During the year, we continued to invest in our digital platform to make it easier 
for customers to do business with us. This reflects how the world is changing 
as increasingly people use cards and online and mobile transactions instead of 
cash. We are well progressed in creating a fully functioning digital bank.

Our customers’ expectations about what 
they want from banking are increasingly 
shaped by their interactions with other 
service providers. This is causing us to 
think deeply about how to provide our 
services in a different and differentiated 
way. We have invested in technology to 
deliver better services through digital 
innovation, and in capability in order to 
re-engineer our processes.
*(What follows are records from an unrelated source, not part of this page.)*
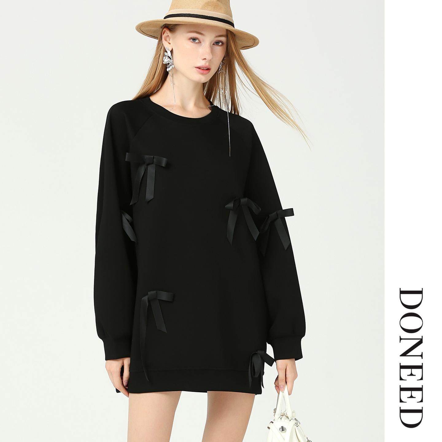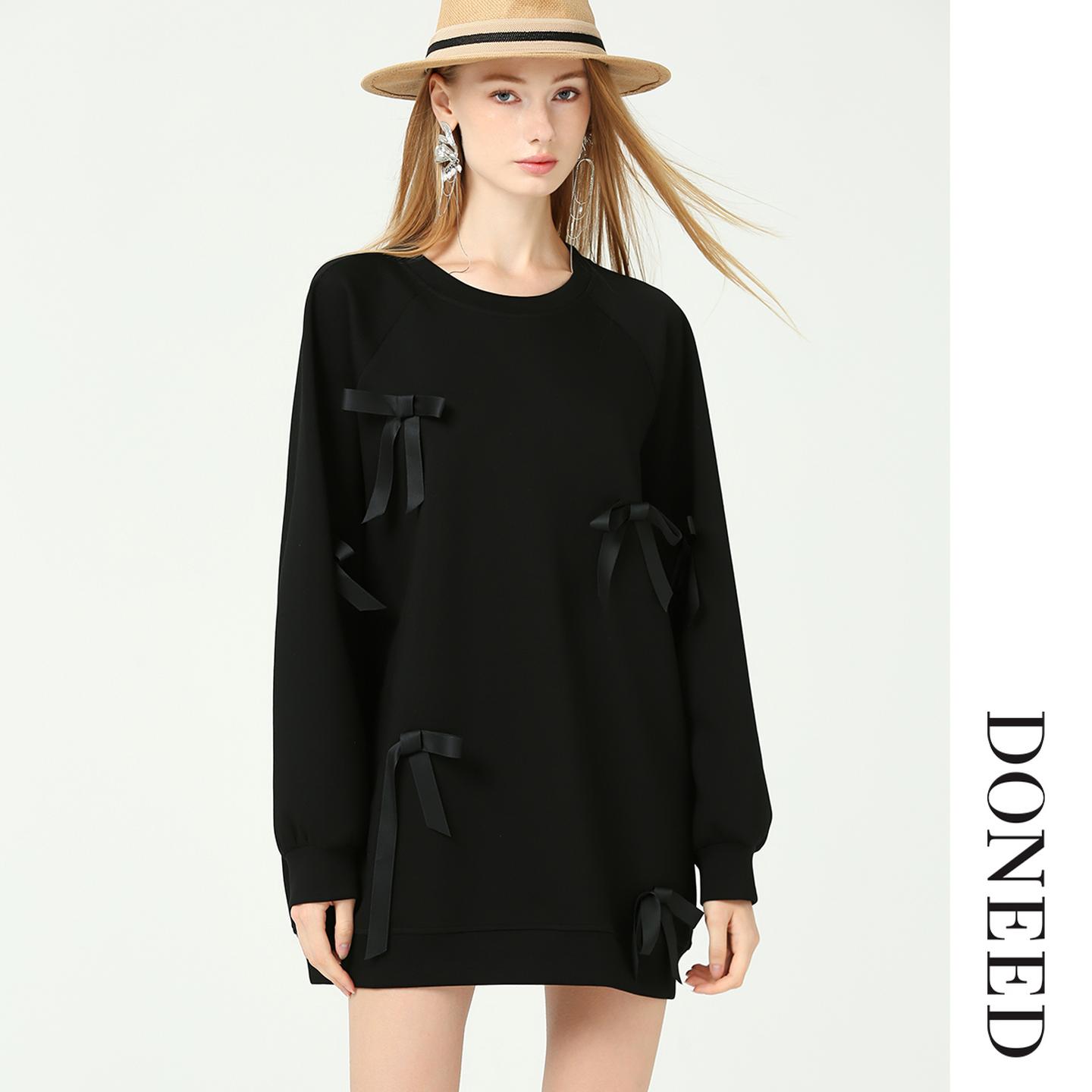 饰卫衣连衣裙女 显瘦蝴蝶结装 DONEED2025初秋时尚 休闲圆领插肩袖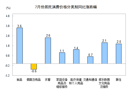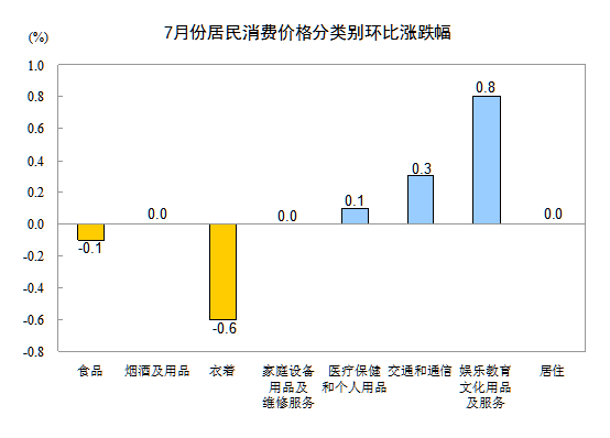 7月份,非食品價(jià)格環(huán)比上漲0.1%。其中,娛樂教育文化用品及服務(wù)、交通和通信、醫(yī)療保健和個(gè)人用品價(jià)格分別上漲0.8%、0.3%和0.1%;煙酒及用品、家庭設(shè)備用品及維修服務(wù)、居住價(jià)格均持平;衣著價(jià)格下降0.6%。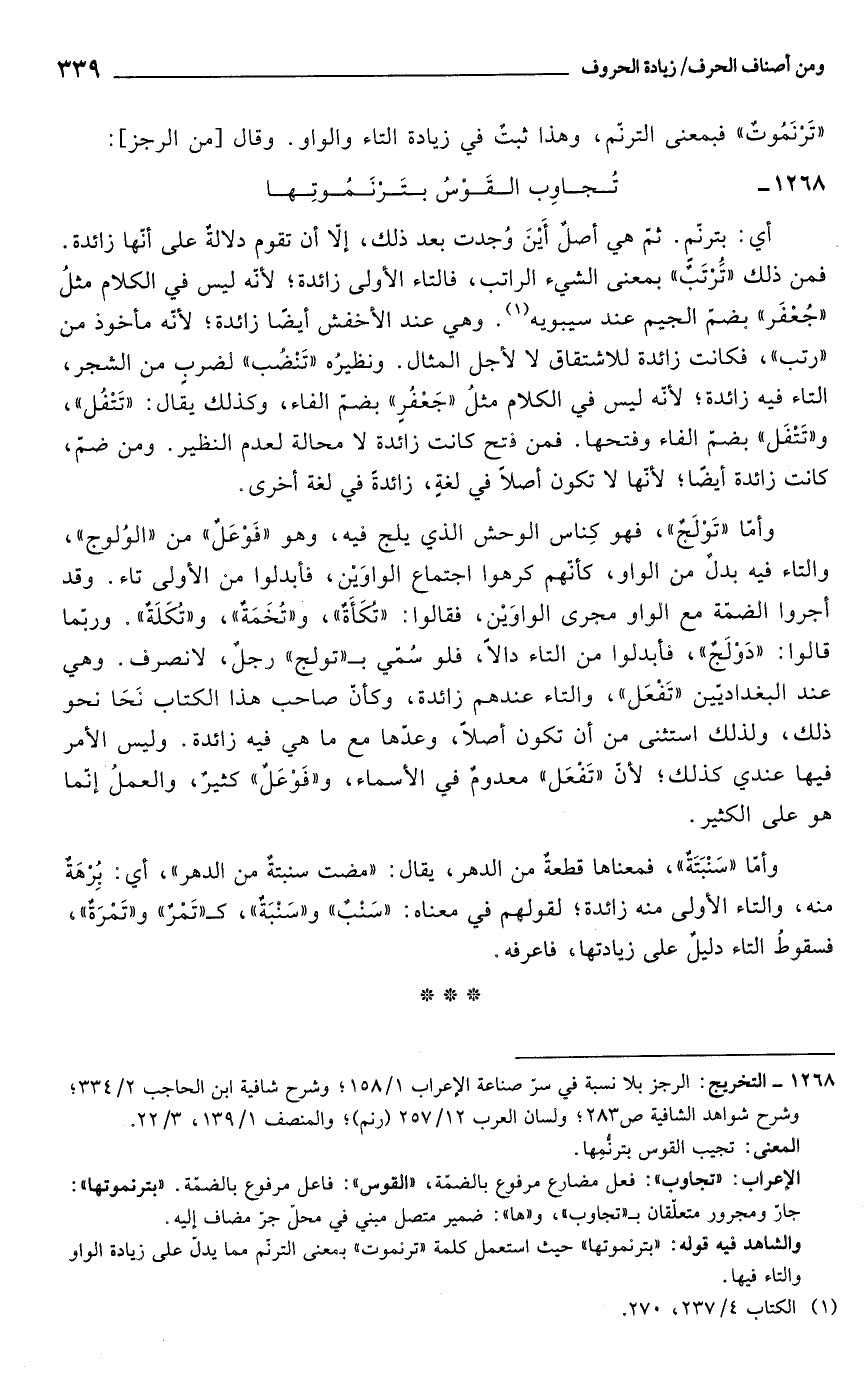 والشاهد فيه قوله: "بترنموتها" حيث استعمل كلمة "ترنموت" بمعنى الترنّم مما يدلّ على زيادة الواو والتاء فيها.

The outcome 
is that we can consistently deliver better 
customer experiences.

Our strategic direction 
is empowered by 
increased use of 
customer research 
panels, which help 
us to initiate new 
products and services 
in a timely and 
effective manner.

In the 2018 financial year, we experienced 
a 280% growth in bank accounts opened 
online following the introduction of a 
range of new accounts for customers, 
including an Everyday and eSaver 
account. During the year, customer 
deposits increased to $3.3 billion. 

The introduction of online origination for 
personal loans, transaction accounts and 
term deposits now allows customers to 
apply for products in real-time, online. 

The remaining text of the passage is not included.